Here’s why this is a deal you can’t afford to pass up:

• Access to our Detailed Report on this Game-Changing AI Stock: Our in-depth report dives deep into our #1 AI stock’s groundbreaking technology and massive growth potential.

• 11 New Issues of Our Premium Readership Newsletter: You will also receive 11 new issues and at least one new stock pick per month from our monthly newsletter’s portfolio over the next 12 months. These stocks are handpicked by our research director, Dr. Inan Dogan.

• One free upcoming issue of our 70+ page Quarterly Newsletter: A value of $149

• Bonus Reports: Premium access to members-only fund manager video interviews

• Ad-Free Browsing: Enjoy a year of investment research free from distracting banner and pop-up ads, allowing you to focus on uncovering the next big opportunity.

• 30-Day Money-Back Guarantee:  If you’re not absolutely satisfied with our service, we’ll provide a full refund within 30 days, no questions asked.

 

Space is Limited! Only 1000 spots are available for this exclusive offer. Don’t let this chance slip away – subscribe to our Premium Readership Newsletter today and unlock the potential for a life-changing investment.

Here’s what to do next:

1. Head over to our website and subscribe to our Premium Readership Newsletter for just $29.

2. Enjoy a year of ad-free browsing, exclusive access to our in-depth report on the revolutionary AI company, and the upcoming issues of our Premium Readership Newsletter over the next 12 months.

3. Sit back, relax, and know that you’re backed by our ironclad 30-day money-back guarantee.

Don’t miss out on this incredible opportunity! Subscribe now and take control of your AI investment future!


No worries about auto-renewals! Our 30-Day Money-Back Guarantee applies whether you’re joining us for the first time or renewing your subscription a year later!

A New Dawn is Coming to U.S. Stocks

I work for one of the largest independent financial publishers in the world – representing over 1 million people in 148 countries.

We’re independently funding today’s broadcast to address something on the mind of every investor in America right now…

Should I put my money in Artificial Intelligence?

Here to answer that for us… and give away his No. 1 free AI recommendation… is 50-year Wall Street titan, Marc Chaikin.

Marc’s been a trader, stockbroker, and analyst.
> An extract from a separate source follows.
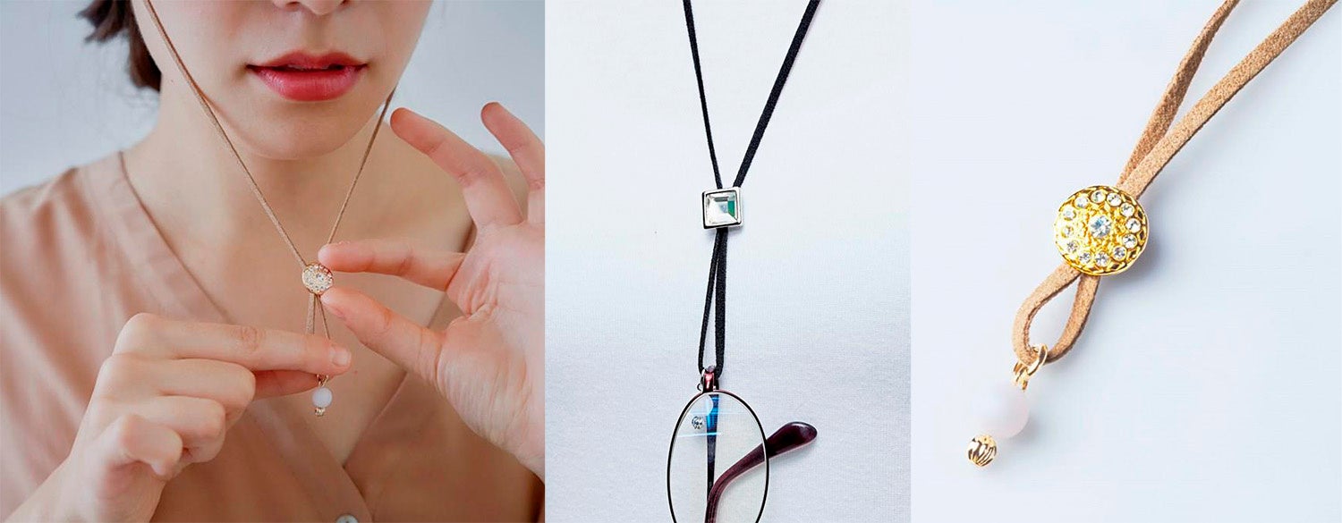 ビジューパーツで長さ調節OK。モチーフ部分にはメガネやサングラスを掛けることも可能。

He was the head of the options department at a major brokerage firm and is a sought-after expert for CNBC, Fox Business, Barron’s, and Yahoo! Finance…

But what Marc’s most known for is his award-winning stock-rating system. Which determines whether a stock could shoot sky-high in the next three to six months… or come crashing down.

That’s why Marc’s work appears in every Bloomberg and Reuters terminal on the planet…

And is still used by hundreds of banks, hedge funds, and brokerages to track the billions of dollars flowing in and out of stocks each day.

He’s used this system to survive nine bear markets… create three new indices for the Nasdaq… and even predict the brutal bear market of 2022, 90 days in advance.